The fundamentalists are left over from the Afghanistan war of the 1980s. After beating the Russians, some mujahedin came to Yemen, which had no visa requirements. The government found a use for them in 1994, in the quelling of communist secessionists based in the southern port of Aden.
But as with the Cold War allies, the holy fighters soon become an embarrassment to the government and were deported. However, the Yemeni veterans stayed on.
In the wake of 11 September, travellers from Afghanistan and Pakistan were interrogated; the government even shut down text-messaging systems when a pixellated image of bin Laden started to do the rounds.
But despite the good intentions, President Salih hasn't solved some problems. The largest of these is the largely unpatrolled 2,000-mile land and sea border. Some intelligence reports say the mujahedin still run training camps in the mountainous north.
There is not enough justification for strikes against Yemen. The government tolerates terrorists, but as one US official put it: "You don't bomb someone for being inept."
Somalia is one of the ugliest piles on the Cold War scrapheap. In the 10 years since the fall of dictator Siad Barre - alternately a favourite of the Soviets and the Americans - a once proud nation has been fractured and its people battered by war. In the capital, Mogadishu, guns are everywhere and clan-based warlords hold sway over a patchwork of zones.
A fragile transitional government, voted in by clan elders last year, is struggling to control even part of the city. Two provinces, Puntland and Somaliland, have declared autonomous states. Everywhere, Islamic groups have rushed to meet ordinary people's yearning for order. One militia, known as Al-Itihaad, is thought to be linked to al-Qa'ida.
President Abdiqassim Salad Hassan admitted he "could not be sure" if there were al-Qa'ida bases, but even if there were "one or two", the country was "able to deal with them". The perfect bolt hole for bin Laden? Some certainly think so.
American warships are positioned off the Somalia coast, just in case the elusive super-terrorist tries to slip in. Last month, President Bush claimed that Al-Barakaat - Somalia's main financial company - was part of Bin Laden's money network, effectively shutting it down.
The government lacks control of the whole country, but terrorist activity is limited, making it unlikely that a strike would be taken against it. Even if bin Laden was to hide with one militia, a rival clan might rat him out - or hunt him down for the reward.
Sudan's Islamic government has long been high on the US list of terrorist-sponsoring states, largely because Osama bin Laden lived in Khartoum for five years in the early 1990s. Ostensibly, he was a wealthy Muslim brother and a construction kingpin. His companies paved hundreds of miles of road and farmed sorghum, sesame seeds and gum arabic.
But others claim it was all a front. They say that bin Laden used Khartoum as the hub of a global terrorist network. US officials agree. Nevertheless, President Omar al Bashir expelled his controversial guest in 1996.
Sudan now claims that all ties with bin Laden have been broken. Terrorist training camps are thought to have been shut down, and even before 11 September, President Bashir was sharing his intelligence files with the CIA. He was among the first leaders to distance himself from the attacks. A few weeks later, UN sanctions were lifted.

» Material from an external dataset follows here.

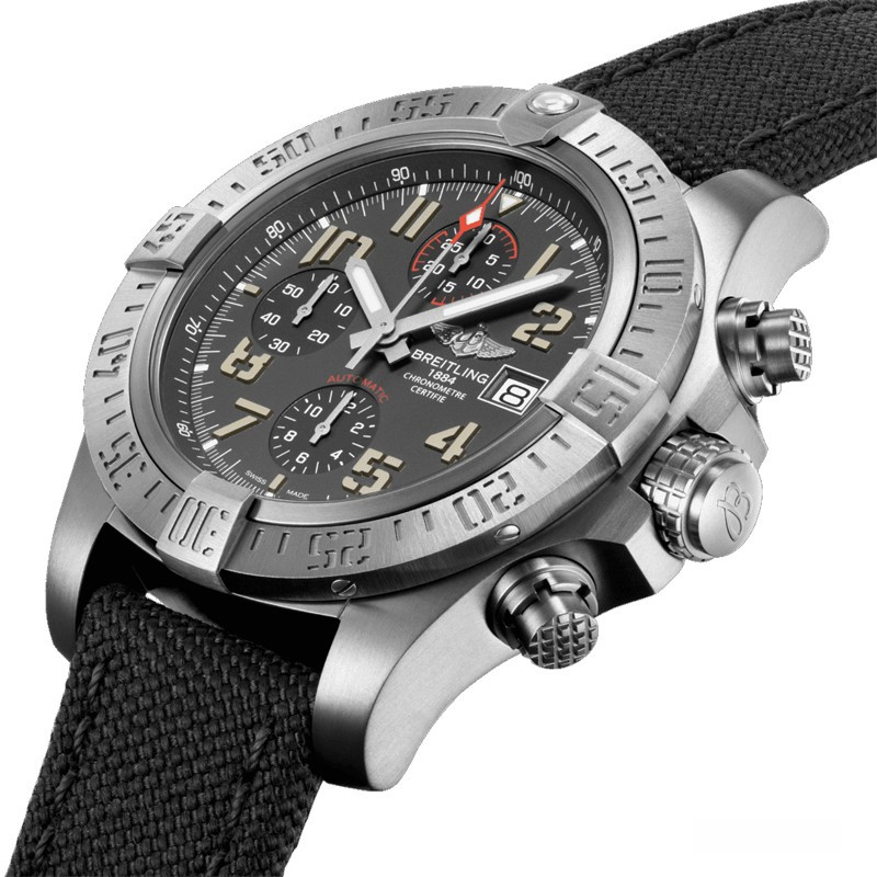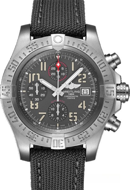 Мужские часы Avenger Bandit представлены в корпусе из титана размером 45 х 16.45 мм и водонепроницаемостью 300 метров. На сером циферблате отображаются часы, минуты, секунды, дата, накопители хронографа. Апертура даты расположена на 3-х часах. Внутри корпуса установлен автоматический механизм Breitling 13 с запасом хода 42 часа. Безель часов вращающийся. Часы комплектуются текстильным ремешком с титановой вставкой.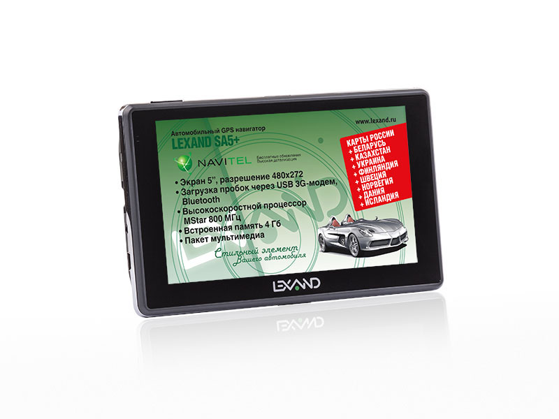 • Все модели серии SA5 могут выходить в Интернет для браузинга, загрузки данных о пробках и работы со встроенными в навигационные программы онлайновыми сервисами с помощью внешнего 3G-модема, подключенного через USB-хост. Сегодня это особенно актуально, учитывая, что различные возможности, связанные с Интернетом, есть в абсолютном большинстве навигационных пакетов. Lexand SA5 – первые в России классические навигаторы на операционной системе Windows CE, официально поддерживающие работу с внешними 3G-модемами. Драйверы, необходимые для работы модемов-«свистков», созданы специально для новинок Lexand – в конкурирующих устройствах такой опции нет. • Процессор MStar с частотой 800 МГц – против 600 МГц у классических GPS-навигаторов предыдущего поколения. В итоге новинки серии SA5 работают минимум на 25% быстрее. • Более того, Lexand SA5+ и SA5 HD+ могут выходить в Сеть еще и с помощью телефона/смартфона, подключенного по интерфейсу Bluetooth и выступающего в качестве беспроводного модема. • Расширенная картография от «Навитела». Все предыдущие навигаторы Lexand шли только с картами России, а новинки комплектуются картами России, Украины, Беларуси, Казахстана, Финляндии, Швеции, Норвегии, Дании и Исландии с пожизненным обновлением.

US strikes could target supporters of Hassan al Turabi, the regime's Islamic godfather, currently in jail. The last time the US attacked Khartoum, in 1998, after the bombing of its embassies in Kenya and Tanzania, it is thought to have hit a pharmaceuticals factory instead of a chemicals plant.
The government tolerates the presence of terrorist groups but it is unclear whether the US or its allies could find viable targets in Sudan.